Community guidelines

When you contribute your ideas and thoughts at ItsMILife.com, you are putting your work out on the Internet for the entire world to see. It’s important that you adhere to a few simple rules. But it’s also important that you use common sense, respect others on the site and, above all, have fun!

What is acceptable

There are a lot of ways you can contribute and be a part of this community. They include:

Become a blogger: You can create your own blog posts, including links to photos, videos and other sites. This allows you a voice in the community. One important way to use that voice is to start a “conversation” with others. That means you write about things that will encourage other users to comment and contribute, link back, and create meaningful dialogue for the others othe site.
Ask a question: Do you have a question about high school, college, careers? Sports, extra curricular activities or standardized tests? ItsMILife users can ask and answer questions, post them in groups and tag them based on content.
Answer questions : If you are a registered ItsMILife user you are invited to answer questions posed by others on the site. We encourage this! Please feel free to link to content that helps support your answers. If you want to know more about linking, we provide a tutorial on how to link effectively.
Comment: You can comment on others’ blog posts.
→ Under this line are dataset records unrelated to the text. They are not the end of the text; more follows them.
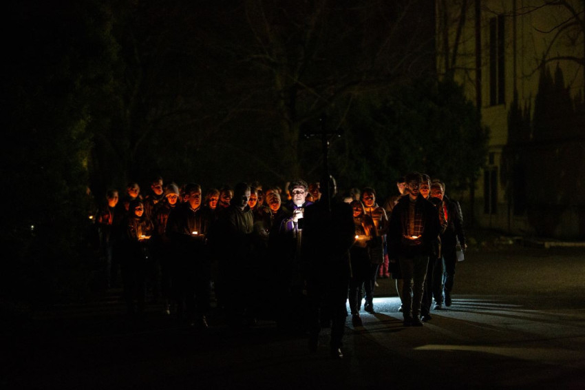 A keresztutat a park érintetlen csöndjében, gyertyafénnyel járták, melyek segítették az elmélyülést az egyes állomások mondanivalójában.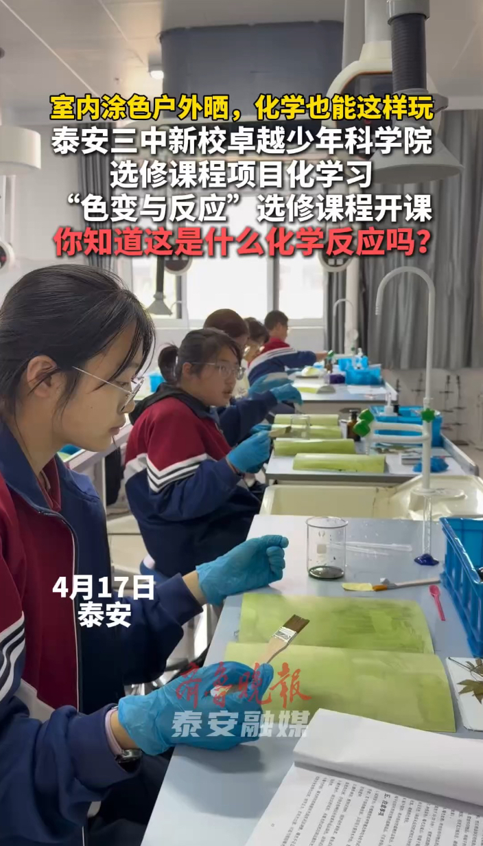 果然视频|泰安三中新校卓越少年科学院选修课程项目化学习,“色变与反应”选修课程开课大众报业·齐鲁壹点 昨天23:41齐鲁晚报·齐鲁壹点 徐慧 4月17日,泰安三中新校卓越少年科学院选修课程项目化学习开课,涵盖科创、人文、艺术、运动、实践六大领域18门课程。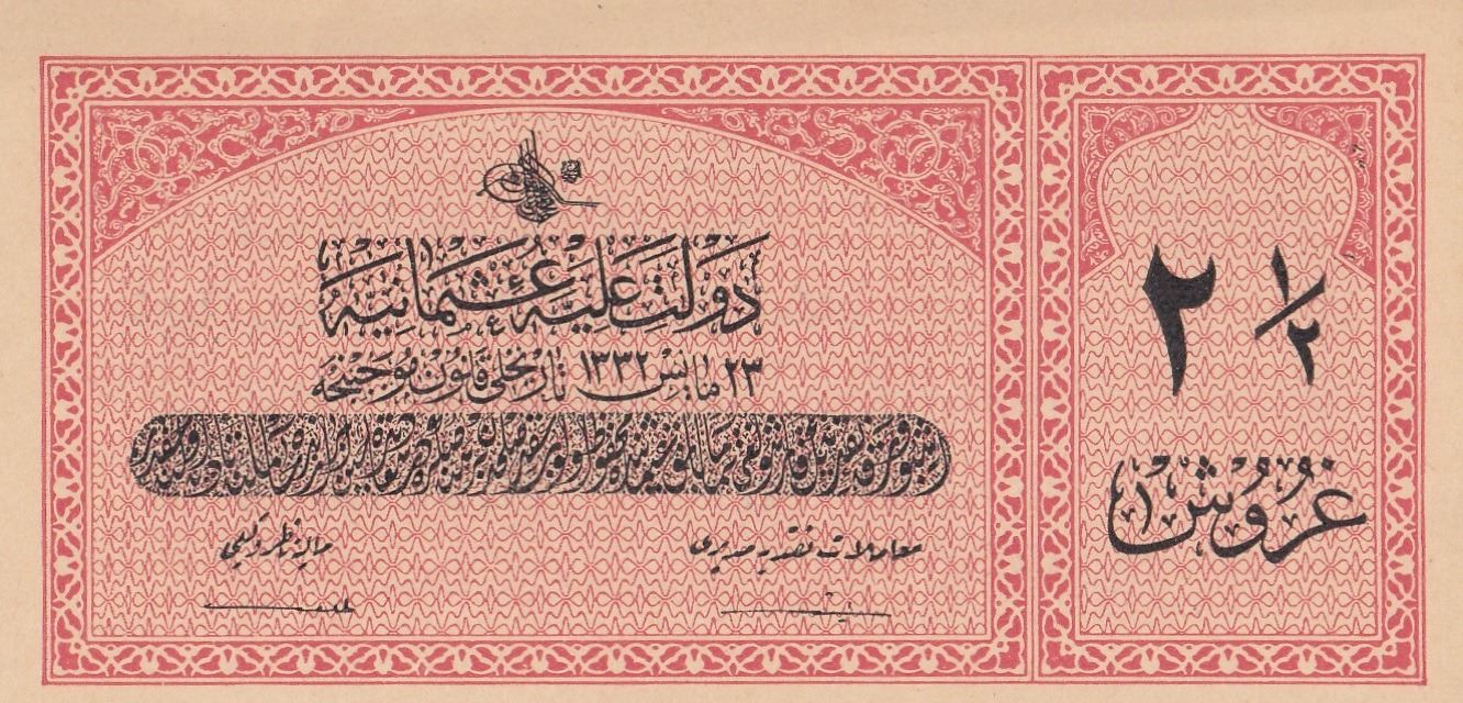 Turkey, Ottoman Empire, 2 1/2 Kurush, 1916, UNC, p86b, Talat / Rasid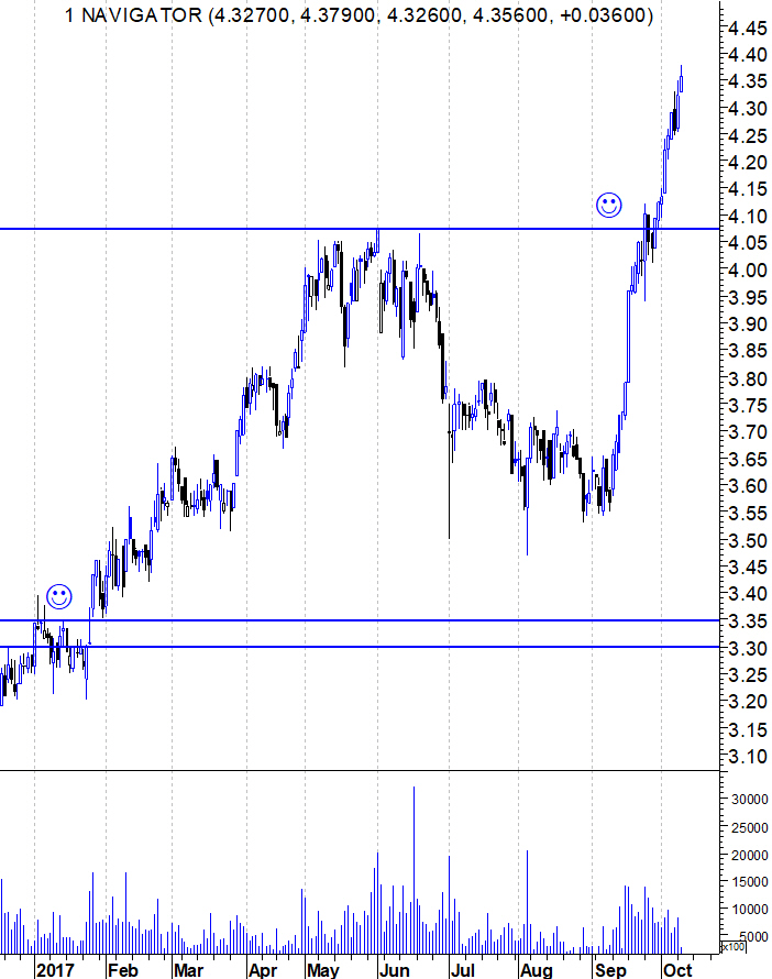 Mas deixo aqui os gráficos actualizados numa altura em que a Navigator continua a dar sucessivos sinais de força, quebrando resistências e mantendo intacto o seu "Bull Market". Mas o seu estado muito "sobrecomprado" e a aproximação do seu máximo histórico fazem com que acredite estarmos perto de uma correcção de curto prazo que, mesmo que aconteça, continua sem colocar em causa a saúde e força deste sólido "Bull Market".

We want this, and encourage this. Remember to be respectful!
Join a group: We have created “groups” at ItsMILife so that members can “gather” with others who share their interests or goals. The initial groups center around colleges and universities. But if you have a group you would like to suggest, please let us know.

What’s not acceptable

ItsMILife is a site by, for and about you, the users. So please help us police it for unacceptable content, and maintain standards for your own posts. Here are the kinds of content we consider unacceptable:

  • Blog posts, questions, answers or comments that are used to abuse or harass another person.
  • Defamatory statements that are knowingly false or mispresent another person.
  • Violates copyright: Copyright is the “seal” someone puts on their own creative works, whether it’s a body of text, a photo, a graphic or a video. There are a number of places on the Internet where people share their work. YouTube, for example, encourages sharing of much of its work by providing an “embed” code. You can even have YouTube videos appear on your own sites, or this one. Flickr and other photo sites have some photos available for sharing. And there is a lot of content that now carries something called the Creative Commons license, which means you can copy and use the content under some circumstances. But it’s a violation of law to copy someone’s work without crediting that person. And it’s just good Internet manners to credit and link to the work of others.